Robert Laszewski, president of Health Policy and Strategy Associates, said, "My first reaction is that they 'protest too much' if there isn't really a problem here."
"There is a problem, Laszewski said. "Not every carrier in every state but there is a clear pattern of the largest carriers with the most data having unacceptable financial results under the Affordable Care Act and responding with very large increases."
"By sending this letter the administration is clearly saying they have a problem," he said. "But jawboning in the face of hard data showing unacceptable results is going to have very little impact."
"Counihan argues that the experience should improve as more people enter the risk pool. The problem with that is not nearly enough people entered the risk pool, in the 2015 open enrollment. More troubling, the states that had big surges the first year had little or no growth the second year—California, Washington, Colorado, New York for example.

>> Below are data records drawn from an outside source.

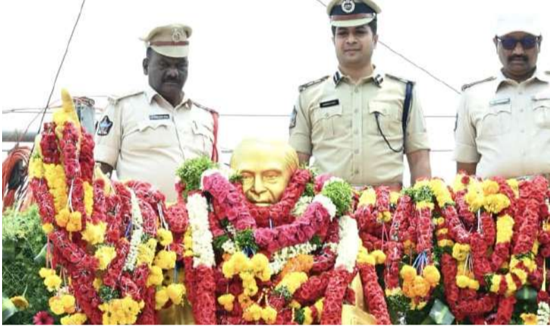
పాత బస్టాండ్ వద్ద బాబాసాహెబ్ విగ్రహానికి ఎస్సీ ఘన నివాళి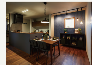
キッチン横のダイニング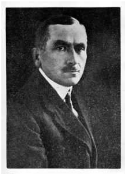
Roman Dmowski

Wkrótce po tym, w nocy z 6 na 7 listopada 1918 roku Daszyński stanął na czele Tymczasowego Rządu Ludowego Republiki Polskiej w Lublinie, który ogłosił bardzo postępowo-demokratyczny program reform społeczno-gospodarczych. Piłsudski po swym powrocie do kraju widział Daszyńskiego w roli pierwszego premiera niepodległej Polski, jednak kandydatura ta została zablokowana przez Narodową Demokrację. Skupiając się odtąd na pracy parlamentarnej był Daszyński naturalnym liderem Polskiej Partii Socjalistycznej, równocześnie wciąż popierał poczynania Piłsudskiego. Zmieniło się to po Maju 1926 roku – Daszyński stał się on jednym z przywódców opozycji wobec autorytarnych rządów piłsudczyków. Od początku lat 30. Daszyński chorował i nie mógł już tak jak dawniej angażować się w działalność polityczną, aczkolwiek sympatyzował z Centrolewem. Zmarł 31 października 1936 roku.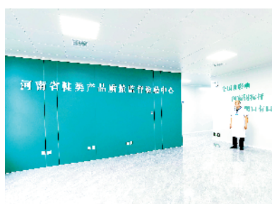
河南省鞋制品产品质量监督检验中心项目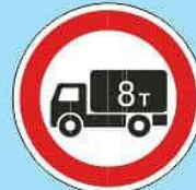
3.4 "Движение грузовых автомобилей запрещено"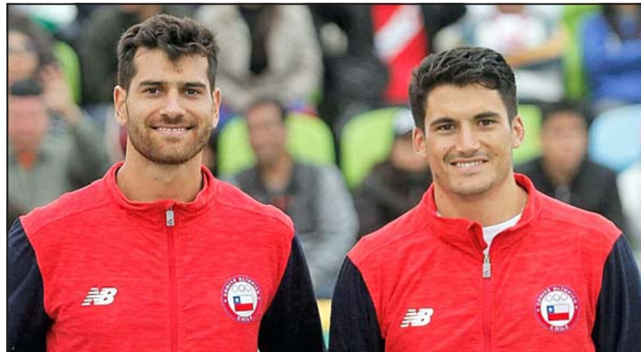
Premio al esfuerzo.- Los primos Grimalt estarán en los Juegos Olímpicos de Tokio.

Fue mediante las redes sociales en que los deportistas mostraron su alegría y satisfacción por este nuevo logro en sus carreras deportivas, señalando lo siguiente: «Ningún camino es corto y todo esfuerzo tiene su recompensa, el objetivo se cumplió, Nos vemos en Tokio 2021. Gracias por todo el apoyo que nos brindaron en este camino, a nuestro entrenador por el gran trabajo que ha venido haciendo con nosotros, también a nuestro preparador físico, y como no, al Ministerio del Deporte, Team Chile, Fevochi y el IND que hacen esto posible, y las marcas que confiaron en nuestro proceso».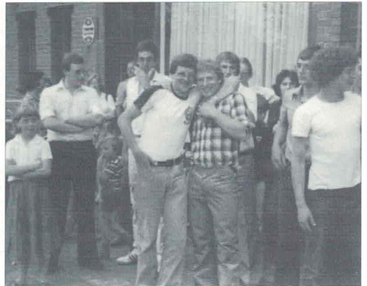
In afwachting van .....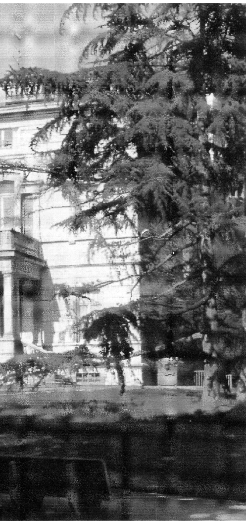
◀ Nelle foto che corredano l'articolo immagini della Biblioteca comunale di Alzano Lombardo.

comunque si voglia) che meglio risponde alle caratteristiche di ciascun servizio.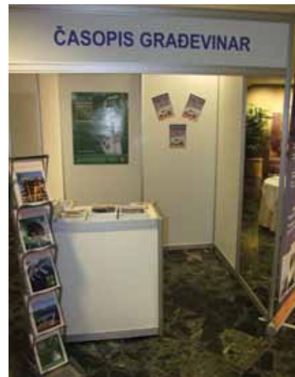
Izložbeni prostor Građevinara na Saboru hrvatskih graditelja

Valja istaknuti da je na posebnom štandu bio predstavljen i časopis Građevinar . Časopis je to s dugogodišnjom tradicijom, a sljedeće godine slavi svoj 65. rođendan. Časopis je mjesečnik, a posljednjih tridesetak godina nije iza-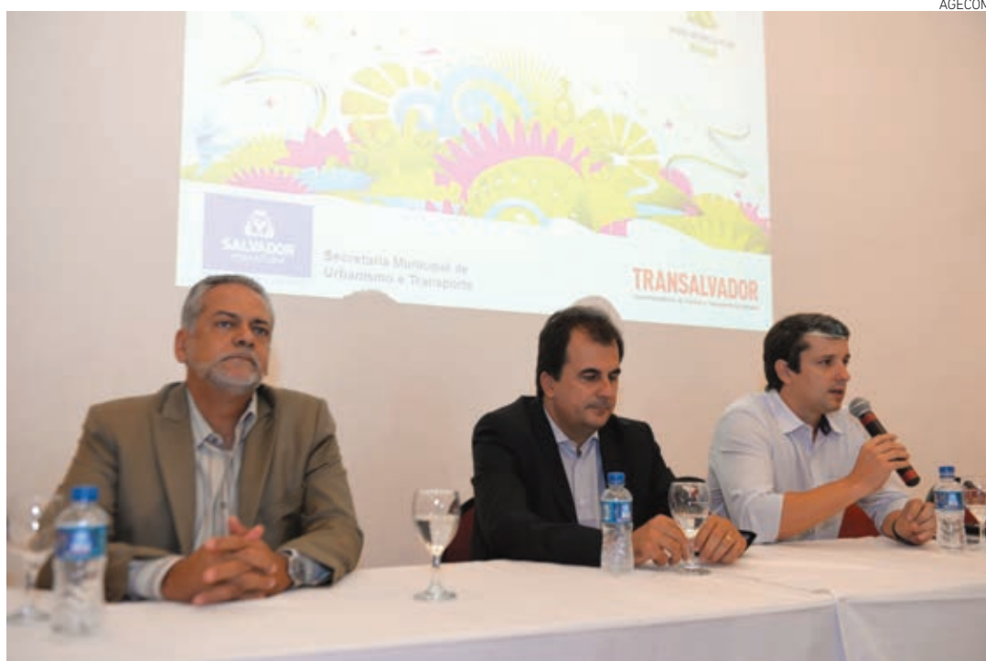
As ações especiais que serão realizadas na cidade foram anunciadas ontem pela Prefeitura, durante coletiva à imprensa

Já as interdições do tráfego serão feitas em dois perímetros: o primeiro a ser implantado a partir do próximo dia 21 até o dia 11 de julho, delimitando a área de uso exclusivo da FIFA. As barreiras de trânsito que irão formar o segundo perímetro serão instaladas cinco horas antes do início dos jogos na Arena Fonte Nova. Às 20h do dia que antecede cada partida, o acesso à Avenida Presidente Costa e Silva, em frente ao estádio, será interditado para viabilizar a montagem de estruturas de apoio ao evento esportivo.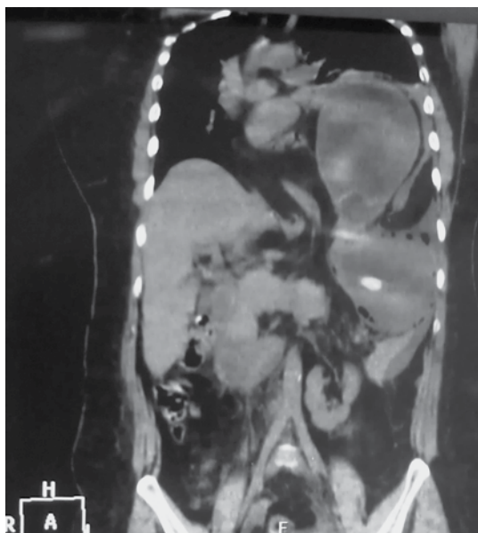
Figura 2. Tomografía simple toracoabdominal, corte coronal con imagen hipodensa en el hemitórax izquierdo que se comunica a la cavidad abdominal, con niveles hidroaéreos y engrosamiento de pared.

mático paraesofágico de 9 cm con saco herniario de contenido estómago, colon transverso y epiplón, y necrosis gástrica de 60% (en fondo y cuerpo) (Figuras 4, 5 y 6), por lo que se hizo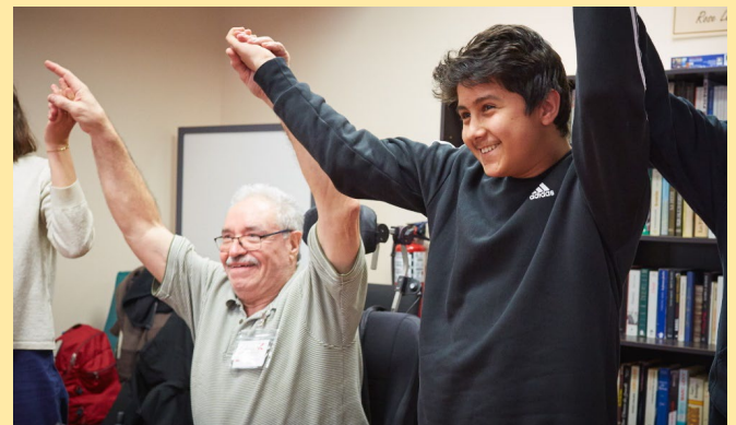
Maison des Tournesols – St-Hubert | École sec. Antoine-Brossard 2018

Pour en savoir plus: https://www.lezebrejaune.com/eveil-par-le-mouvement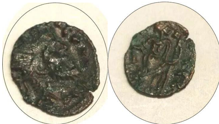
Monnaie de bronze romaine à la fin de l'Empire...

La numismatique n'est pas seulement l'étude des monnaies anciennes. Elle permet de lire dans le métal les forces et les faiblesses des sociétés qui les ont frappées. Ainsi, les pièces romaines témoignent à la fois de la grandeur d'un empire et du long effacement qui suivit sa chute. Lorsque Rome s'est effondrée, il n'y eut ni révolution ni soulèvement populaire. Seulement un lent abandon des structures : les impôts n'étaient plus collectés, les routes et aqueducs s'effritaient, l'armée dépendait de mercenaires étrangers, et les élites locales se repliaient sur elles-mêmes. L'ordre social s'est dissout. Pendant plusieurs siècles, en Occident, l'histoire est entrée dans un brouillard que l'on nomme encore « âges sombres ».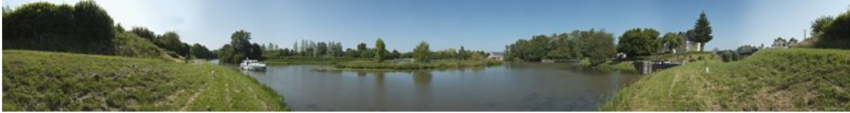
Panorama du port. A droite le barrage et le site d'écluse.

58, Limanton, lieudit : bief 25 du versant Loire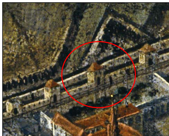
Obr. 2 - výřez z veduty H. B. Bayera a H. J. Zeisera, Obléhání Brna Švédy 3. května až 20. srpna 1645, olej na plátně, uloženo v MuMB, inv. č. 2285, vyznačen dokumentovaný úsek.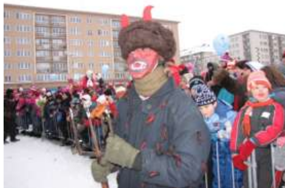
Slavil se také Mikuláš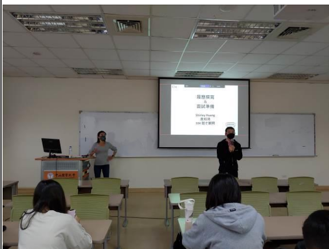
職涯輔導老師介紹講者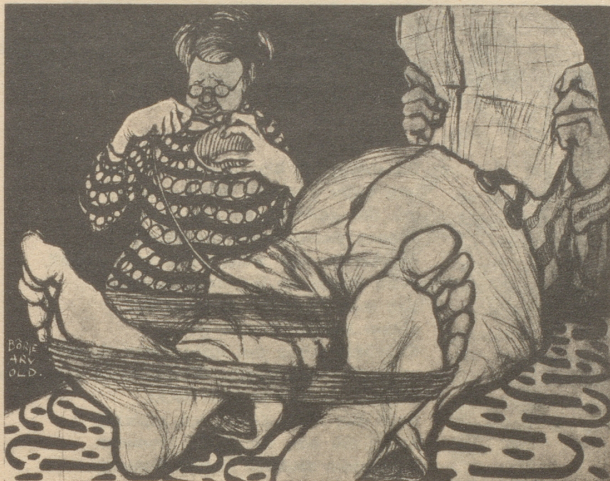
Die vollkommene Ehe.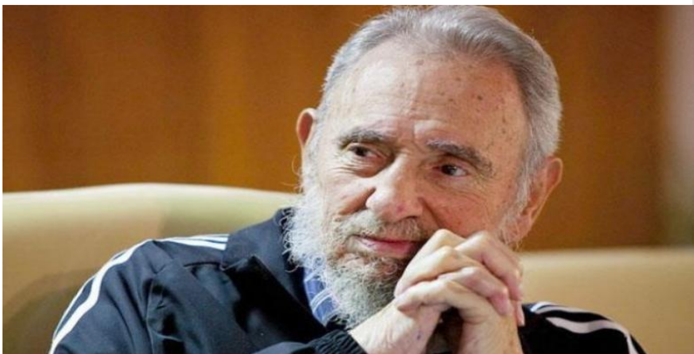
Fidel Castro Ruz (1926-2016)

La Habana, 5 jul (RHC) El presidente de Casa de las Américas, Abel Prieto evocó este martes el pensamiento crítico de Fidel Castro (1926-2016) como referente teórico invaluable para deconstruir el colonialismo cultural, herramienta de dominación hegemónica en detrimento de las identidades nacionales.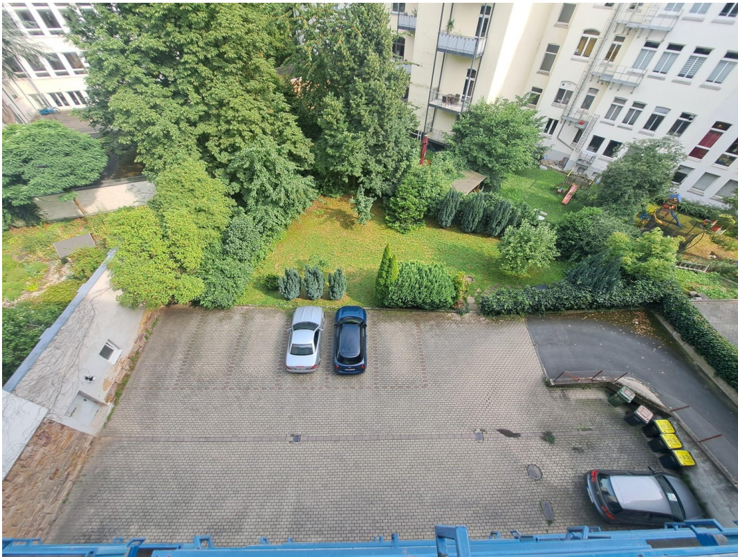
Blick in Hof und Garten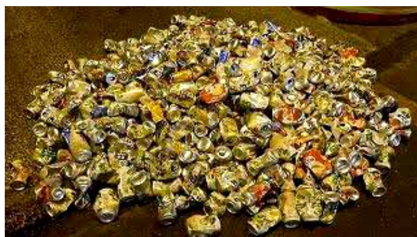
搬入物検査で出てきた不適正ごみ（空き缶）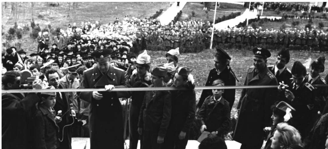
1969 год. Открытие Дома авиации и космонавтики. Лётчик-космонавт А.А. Леонов разрезает алую ленту

ский значок в космос?» Космонавт ответил: «Да!»

This has actuaries very worried." Actuaries help insurers set premium prices by calculating expected health costs from customers.
"Only about 40 percent of those eligible for the Obamacare insurance exchanges signed up through the second open enrollment," Laszewski said. "We need to be closer to 70 percent. By income category, only the poorest are signing up with less than 20 percent of those making between 251 percent and 400 percent of the poverty level signing up."
"These numbers are simply not sustainable."
HHS spokesman Benjamin Wakana, when asked about Counihan's letter, said: "While states are the primary regulators of insurance companies, CMS [Centers for Medicare and Medicaid Services] plays an important role in overseeing the health insurance markets and ensuring consumers have access to quality, affordable coverage. CMS also helps facilitate information sharing between states about best practices and important factors to consider during the rate review process."
Counihan's letter comes on the heels of a number of news stories highlighting some of the larger proposed rate hikes.
CNBC reported last month that one insurer, Texas Blue Shield, was seeking a nearly 20 percent price increase for Obamacare plans after losing $400 million last year insuring customers in those plans. Scott & White Health Plan in Texas has asked for rates as much as 34.12 percent higher than this year.
One recent HealthPocket.com analysis detailed by CNBC.com found that premiums for individual plans in major U.S. cities would rise by an average of 12 percent in 2016 if the newly proposed prices are approved.
But HHS noted that other analyses by the Kaiser Family Foundation and Avalere Health found that average proposed increases for low-cost silver plans, which are the most popular among Obamacare customers, show "modest" price hikes in the range of 4.4 to 5.8 percent.
And insurance companies are projecting that most people will be enrolled in plans with rates that are proposed to rise less than 10 percent.
HHS officials have also repeatedly stressed the fact that more than 80 percent of the over 10 million customers on government Obamacare exchanges receive subsidies that help offset the cost of their coverage.
Those subsidies are worth an average of $272 per month, which means that a double-digit percentage increase in plan prices would lead to much less dramatic increases for many customers in absolute dollar terms.
However, millions of people buy individual plans outside the exchanges, where subsidies are not available.